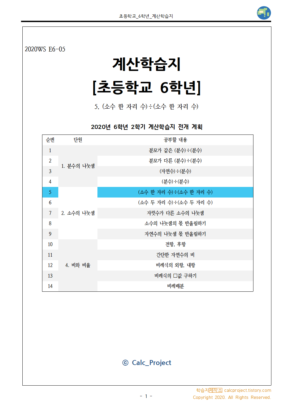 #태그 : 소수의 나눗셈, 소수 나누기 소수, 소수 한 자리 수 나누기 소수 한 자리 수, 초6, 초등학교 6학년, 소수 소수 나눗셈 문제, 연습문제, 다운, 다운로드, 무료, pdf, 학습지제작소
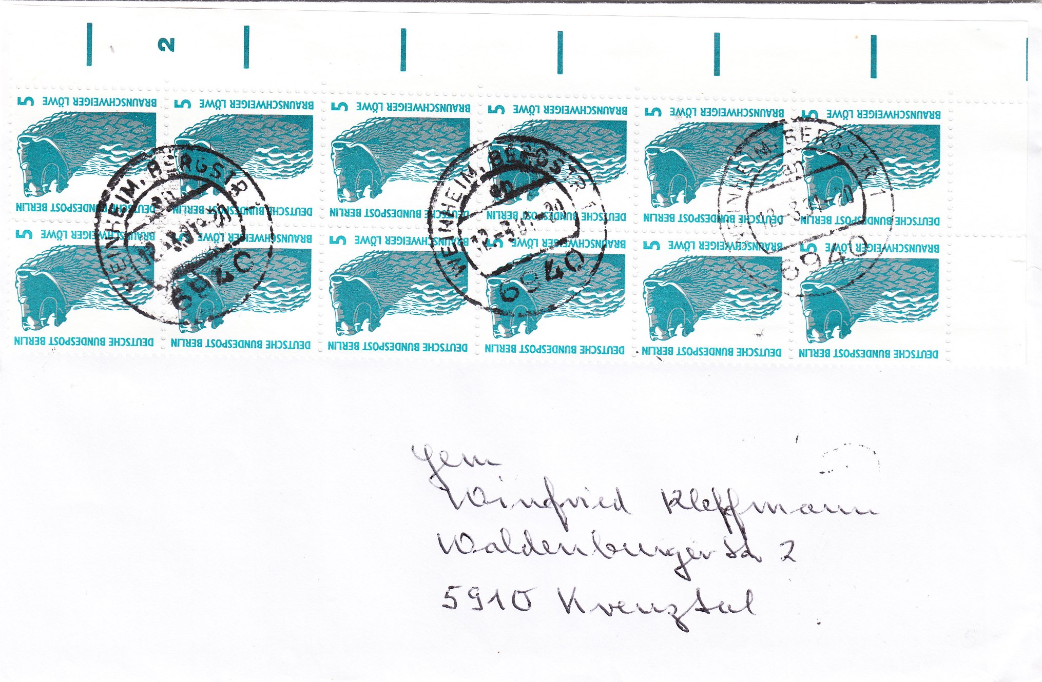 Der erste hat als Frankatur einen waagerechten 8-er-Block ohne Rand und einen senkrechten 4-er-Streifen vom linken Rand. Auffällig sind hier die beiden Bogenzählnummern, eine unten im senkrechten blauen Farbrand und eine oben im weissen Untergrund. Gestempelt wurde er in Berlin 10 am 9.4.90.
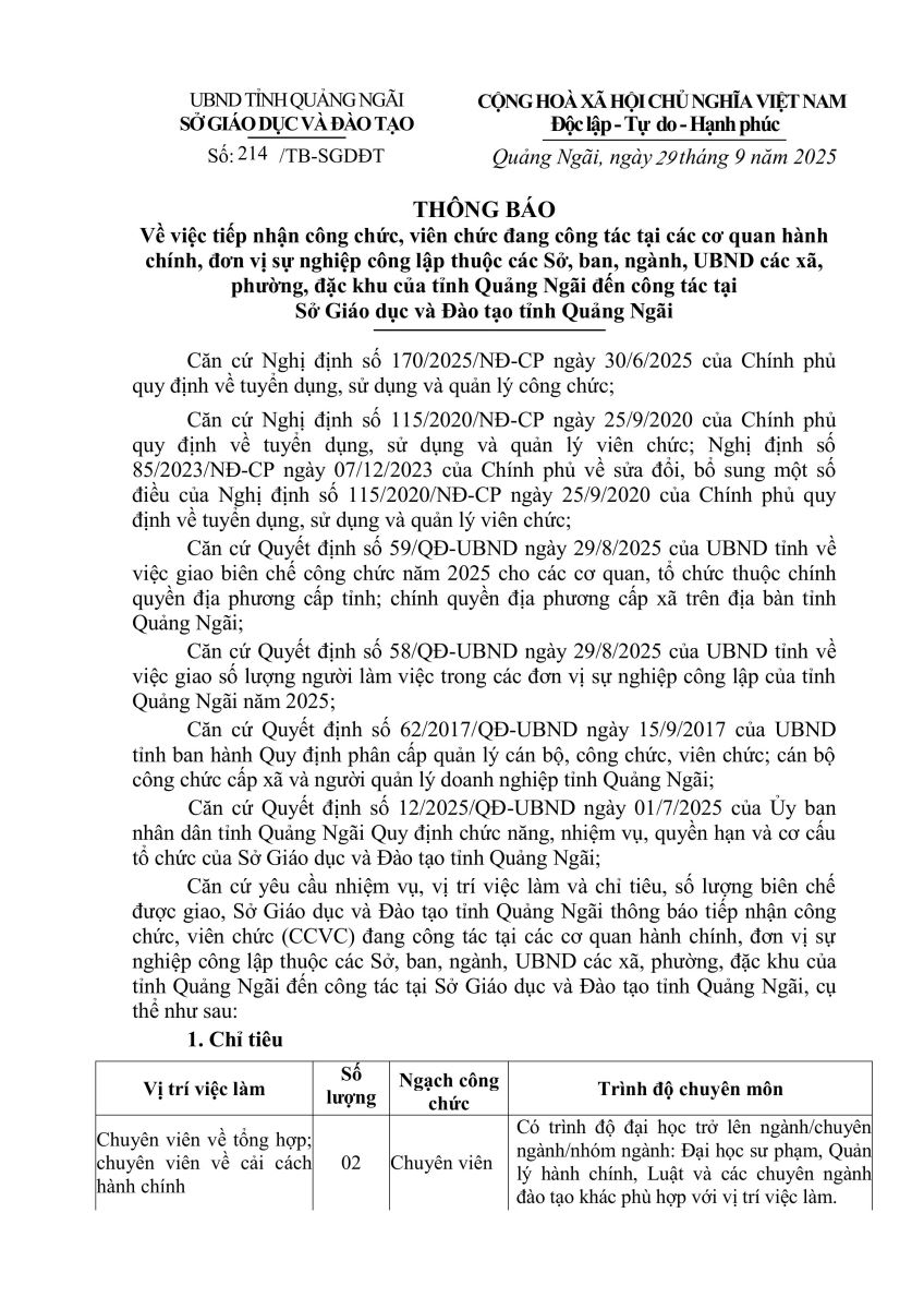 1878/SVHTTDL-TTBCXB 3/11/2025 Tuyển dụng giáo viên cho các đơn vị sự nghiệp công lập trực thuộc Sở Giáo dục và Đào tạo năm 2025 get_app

# [Problem requirements]
Give the listing again word for word, but drop every picture.

# [Result]
 #태그 : 소수의 나눗셈, 소수 나누기 소수, 소수 한 자리 수 나누기 소수 한 자리 수, 초6, 초등학교 6학년, 소수 소수 나눗셈 문제, 연습문제, 다운, 다운로드, 무료, pdf, 학습지제작소
 Der erste hat als Frankatur einen waagerechten 8-er-Block ohne Rand und einen senkrechten 4-er-Streifen vom linken Rand. Auffällig sind hier die beiden Bogenzählnummern, eine unten im senkrechten blauen Farbrand und eine oben im weissen Untergrund. Gestempelt wurde er in Berlin 10 am 9.4.90.
 1878/SVHTTDL-TTBCXB 3/11/2025 Tuyển dụng giáo viên cho các đơn vị sự nghiệp công lập trực thuộc Sở Giáo dục và Đào tạo năm 2025 get_app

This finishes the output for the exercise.